Task requirements |
Nothing but the pictures may be dropped; the rest of the listing is to be written out exactly.

Source data |
*** Begin section ***
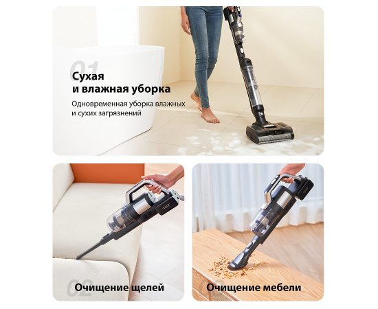 Преимущества Мощность всасывания 100 аВт, Самоочистка и сушка горячим воздухом, Съемный аккумулятор, Двигатель IPX8 мощностью 400 Вт, Комплектация 3 в 1, Портативная конфигурация для уборки мебели
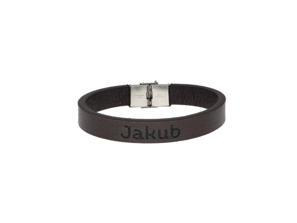 Pánský kožený náramek hnědý se jménem Jakub + dárkové balení
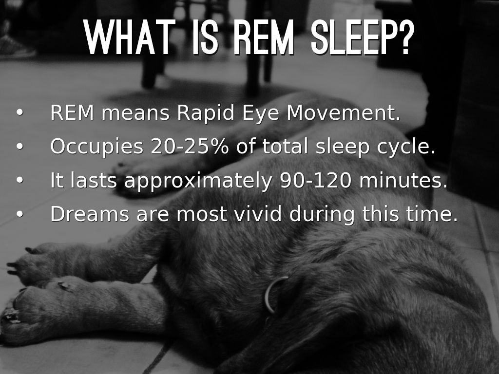 • Stage 5: (REM) Vivid dreaming, no movement, slowed brain waves.
*** End section ***
Reply |
 Преимущества Мощность всасывания 100 аВт, Самоочистка и сушка горячим воздухом, Съемный аккумулятор, Двигатель IPX8 мощностью 400 Вт, Комплектация 3 в 1, Портативная конфигурация для уборки мебели
 Pánský kožený náramek hnědý se jménem Jakub + dárkové balení
 • Stage 5: (REM) Vivid dreaming, no movement, slowed brain waves.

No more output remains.